Stored records
▼▼▼

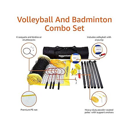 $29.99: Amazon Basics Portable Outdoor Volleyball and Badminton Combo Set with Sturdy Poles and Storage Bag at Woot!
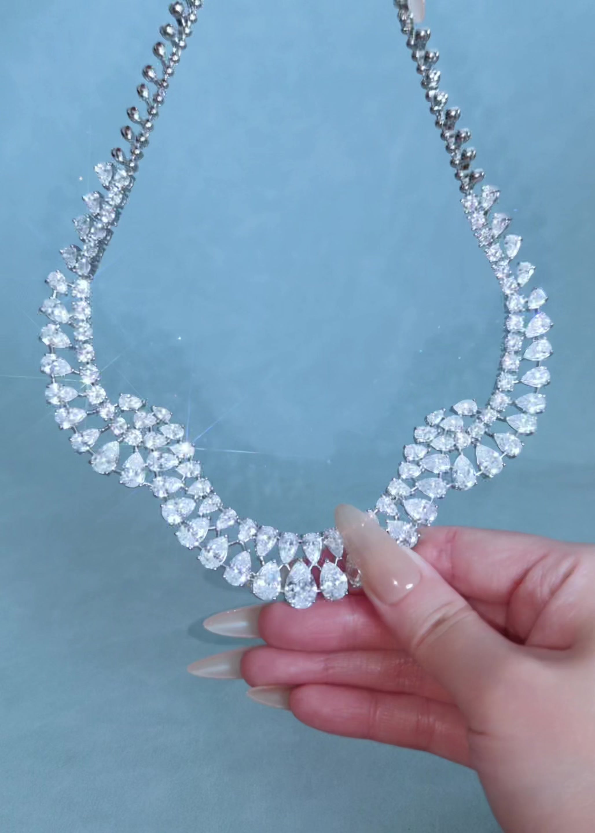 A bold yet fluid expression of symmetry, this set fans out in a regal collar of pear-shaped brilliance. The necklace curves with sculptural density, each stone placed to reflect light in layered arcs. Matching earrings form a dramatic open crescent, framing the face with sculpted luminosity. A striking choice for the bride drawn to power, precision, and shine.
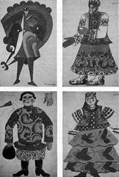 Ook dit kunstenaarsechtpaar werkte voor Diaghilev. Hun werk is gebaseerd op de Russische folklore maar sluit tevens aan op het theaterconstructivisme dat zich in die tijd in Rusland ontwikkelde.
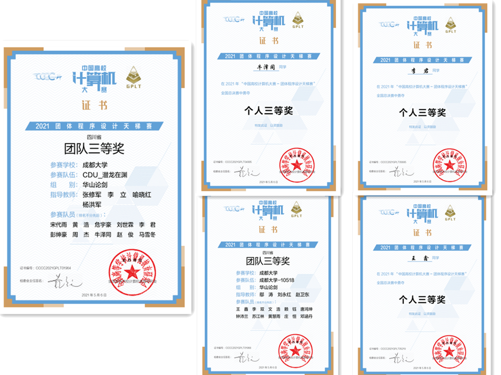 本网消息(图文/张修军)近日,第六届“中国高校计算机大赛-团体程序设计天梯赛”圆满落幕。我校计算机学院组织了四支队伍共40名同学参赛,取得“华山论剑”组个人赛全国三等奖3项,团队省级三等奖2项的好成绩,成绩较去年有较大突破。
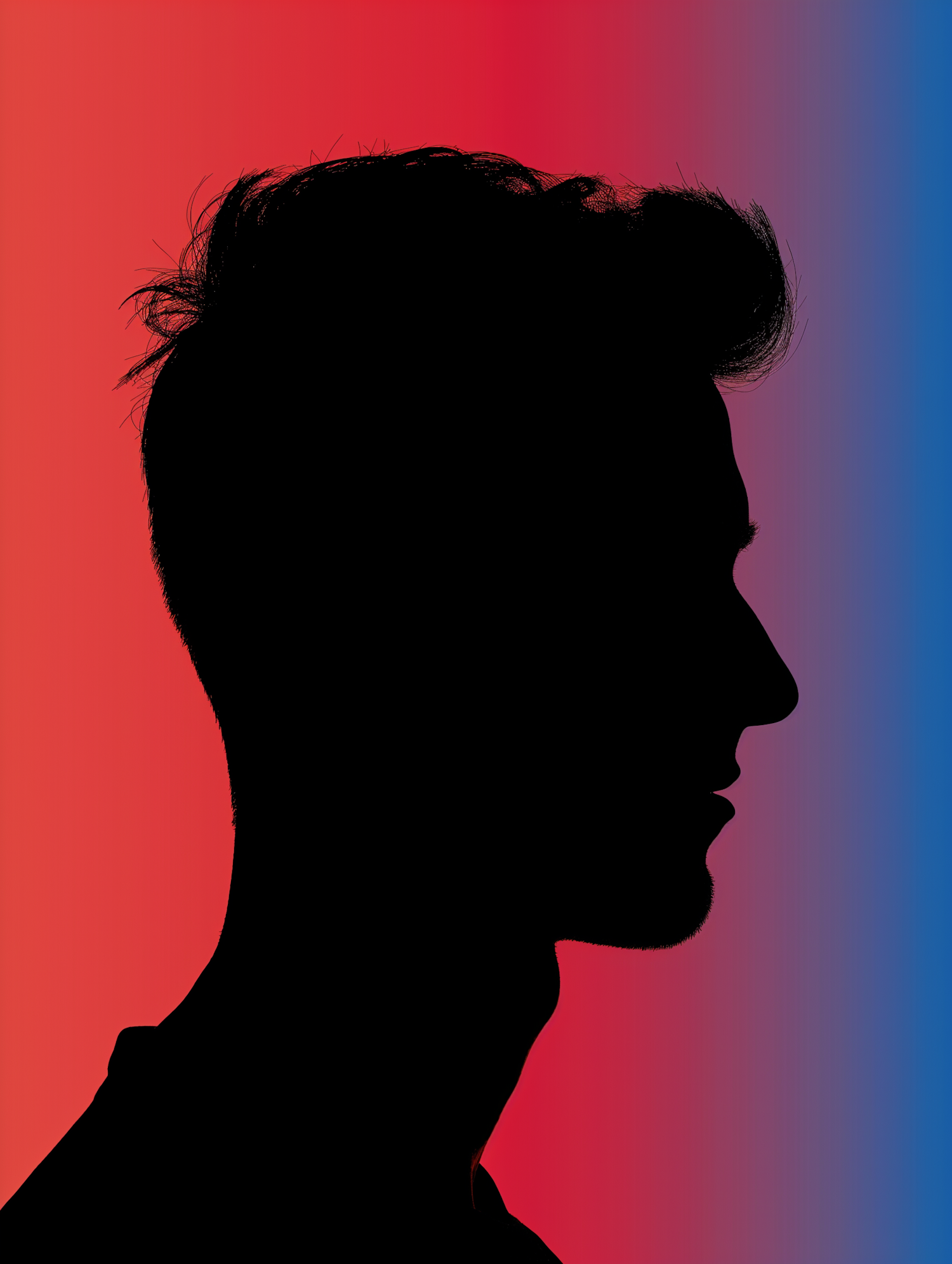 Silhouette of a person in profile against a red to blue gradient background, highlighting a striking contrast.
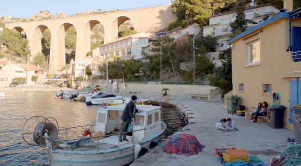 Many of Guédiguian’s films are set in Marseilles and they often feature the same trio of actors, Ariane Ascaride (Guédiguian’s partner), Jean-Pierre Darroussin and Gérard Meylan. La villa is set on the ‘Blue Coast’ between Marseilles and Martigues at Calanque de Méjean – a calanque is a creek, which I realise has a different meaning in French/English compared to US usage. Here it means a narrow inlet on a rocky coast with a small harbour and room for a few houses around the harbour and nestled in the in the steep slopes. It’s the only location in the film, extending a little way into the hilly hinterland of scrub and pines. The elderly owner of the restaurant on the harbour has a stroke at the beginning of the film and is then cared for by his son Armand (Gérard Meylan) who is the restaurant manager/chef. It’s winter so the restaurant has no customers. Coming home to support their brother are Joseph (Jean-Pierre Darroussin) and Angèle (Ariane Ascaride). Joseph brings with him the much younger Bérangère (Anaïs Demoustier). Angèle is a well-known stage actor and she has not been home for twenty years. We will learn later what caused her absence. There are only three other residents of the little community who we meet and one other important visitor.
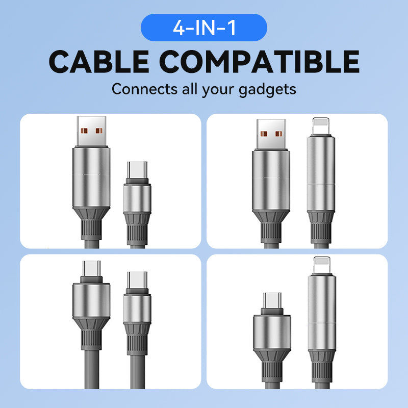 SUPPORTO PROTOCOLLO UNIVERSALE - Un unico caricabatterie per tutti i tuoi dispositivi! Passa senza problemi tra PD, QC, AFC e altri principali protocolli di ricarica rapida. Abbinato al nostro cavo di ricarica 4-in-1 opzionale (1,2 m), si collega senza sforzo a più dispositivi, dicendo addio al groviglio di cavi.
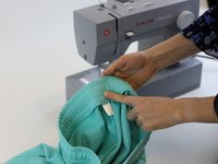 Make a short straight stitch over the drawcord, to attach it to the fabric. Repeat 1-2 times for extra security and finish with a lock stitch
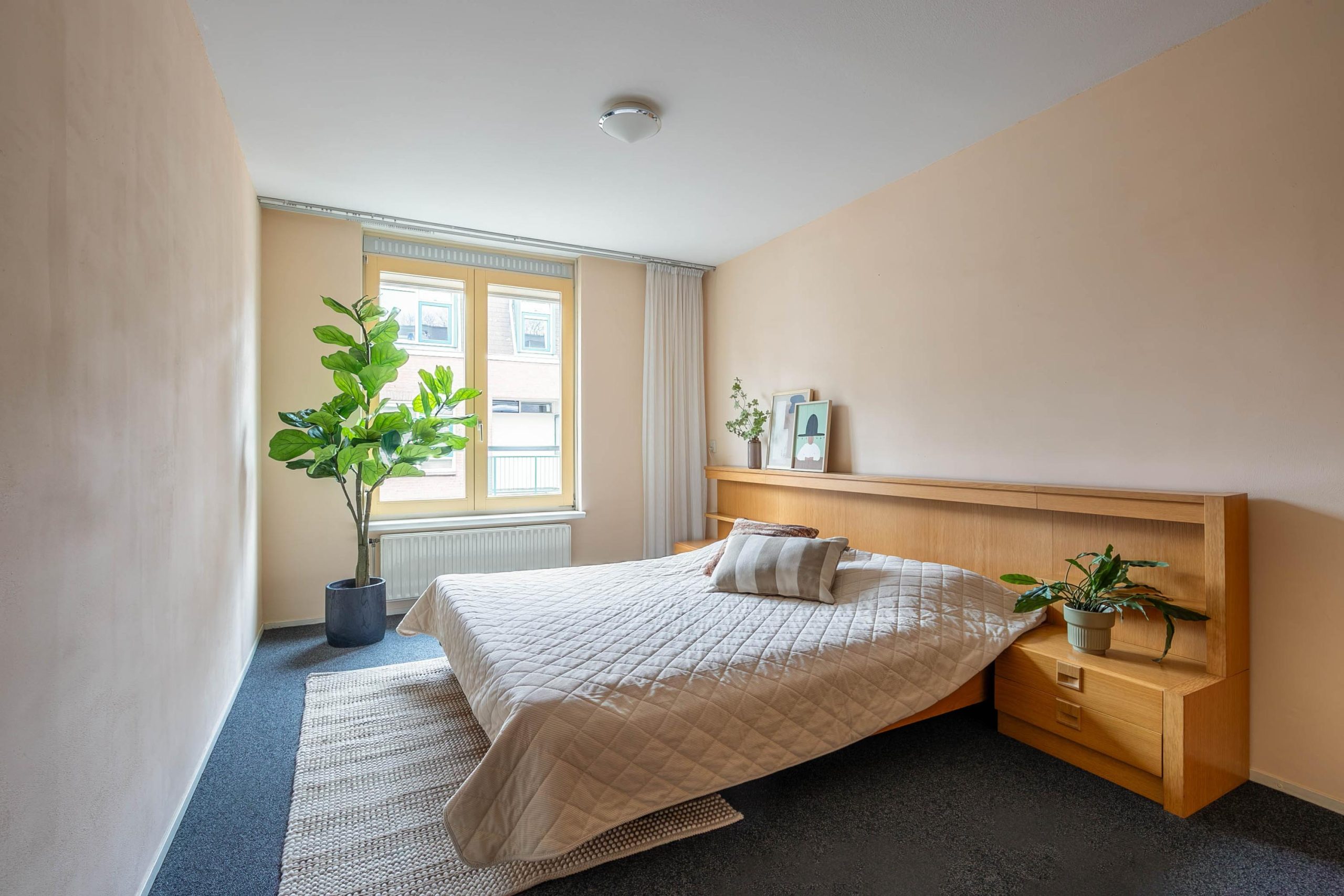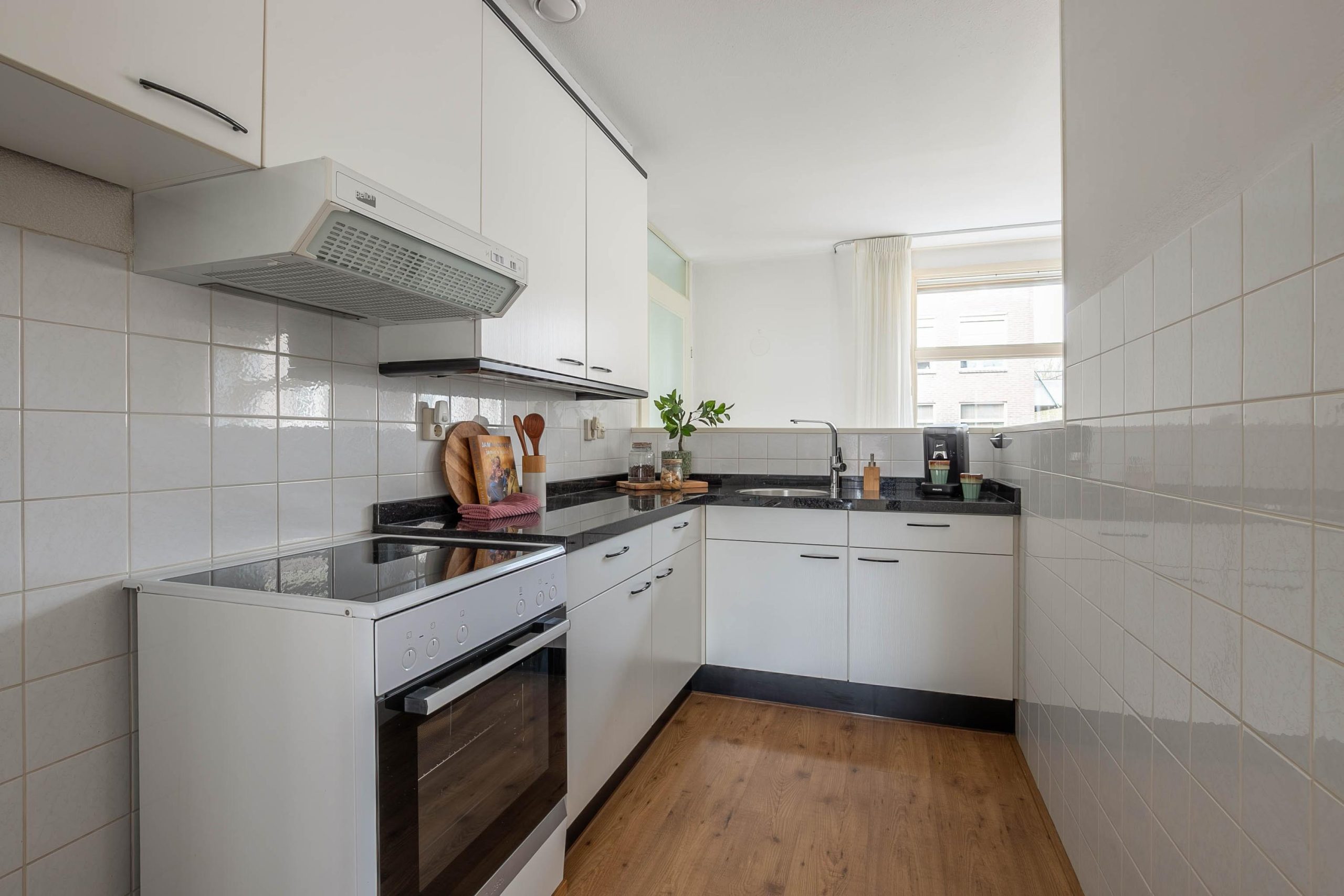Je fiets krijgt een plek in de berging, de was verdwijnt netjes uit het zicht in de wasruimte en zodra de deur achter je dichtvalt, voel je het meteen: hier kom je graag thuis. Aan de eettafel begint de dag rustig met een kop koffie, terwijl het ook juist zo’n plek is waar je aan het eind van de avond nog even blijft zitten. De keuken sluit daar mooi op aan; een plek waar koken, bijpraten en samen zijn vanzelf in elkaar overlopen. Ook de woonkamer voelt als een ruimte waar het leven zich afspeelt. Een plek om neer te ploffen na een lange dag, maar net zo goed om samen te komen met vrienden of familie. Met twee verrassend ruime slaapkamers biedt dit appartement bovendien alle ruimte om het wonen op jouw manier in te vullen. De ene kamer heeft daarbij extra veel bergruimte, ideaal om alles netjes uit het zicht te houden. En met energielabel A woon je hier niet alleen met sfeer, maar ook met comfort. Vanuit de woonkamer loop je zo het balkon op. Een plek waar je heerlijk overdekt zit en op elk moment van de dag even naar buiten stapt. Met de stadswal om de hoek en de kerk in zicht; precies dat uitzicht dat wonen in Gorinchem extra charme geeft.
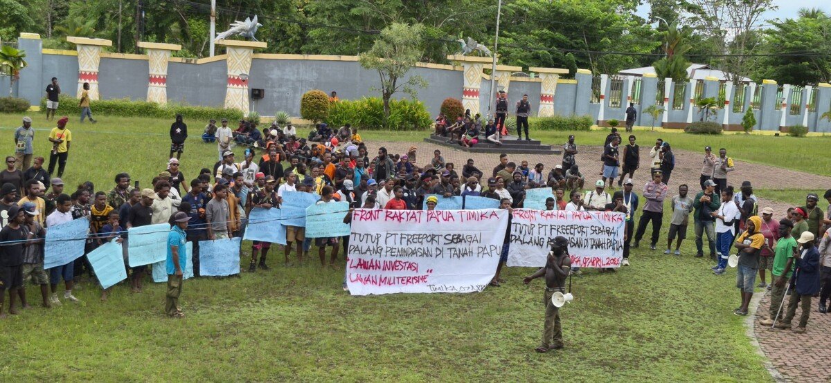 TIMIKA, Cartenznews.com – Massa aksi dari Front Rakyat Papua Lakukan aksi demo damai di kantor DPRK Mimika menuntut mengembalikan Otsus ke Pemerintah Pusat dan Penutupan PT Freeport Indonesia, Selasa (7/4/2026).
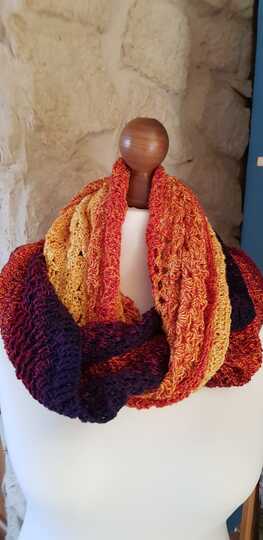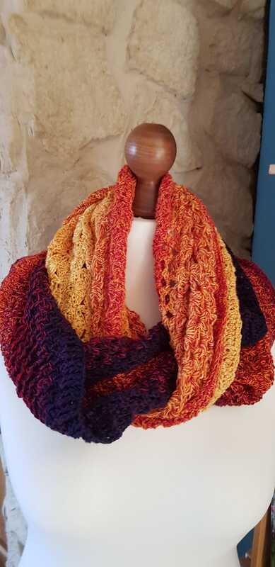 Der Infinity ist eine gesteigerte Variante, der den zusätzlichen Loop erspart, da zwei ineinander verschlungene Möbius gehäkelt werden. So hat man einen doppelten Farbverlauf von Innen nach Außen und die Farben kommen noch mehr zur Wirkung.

▲▲▲

:: Description of the task ::
The first line of the entries, the line containing "Silhouette of a", and every line between them are to be output exactly; pictures are not.

:: Output for this exercise ::
 $29.99: Amazon Basics Portable Outdoor Volleyball and Badminton Combo Set with Sturdy Poles and Storage Bag at Woot!
 A bold yet fluid expression of symmetry, this set fans out in a regal collar of pear-shaped brilliance. The necklace curves with sculptural density, each stone placed to reflect light in layered arcs. Matching earrings form a dramatic open crescent, framing the face with sculpted luminosity. A striking choice for the bride drawn to power, precision, and shine.
 Ook dit kunstenaarsechtpaar werkte voor Diaghilev. Hun werk is gebaseerd op de Russische folklore maar sluit tevens aan op het theaterconstructivisme dat zich in die tijd in Rusland ontwikkelde.
 本网消息(图文/张修军)近日,第六届“中国高校计算机大赛-团体程序设计天梯赛”圆满落幕。我校计算机学院组织了四支队伍共40名同学参赛,取得“华山论剑”组个人赛全国三等奖3项,团队省级三等奖2项的好成绩,成绩较去年有较大突破。
 Silhouette of a person in profile against a red to blue gradient background, highlighting a striking contrast.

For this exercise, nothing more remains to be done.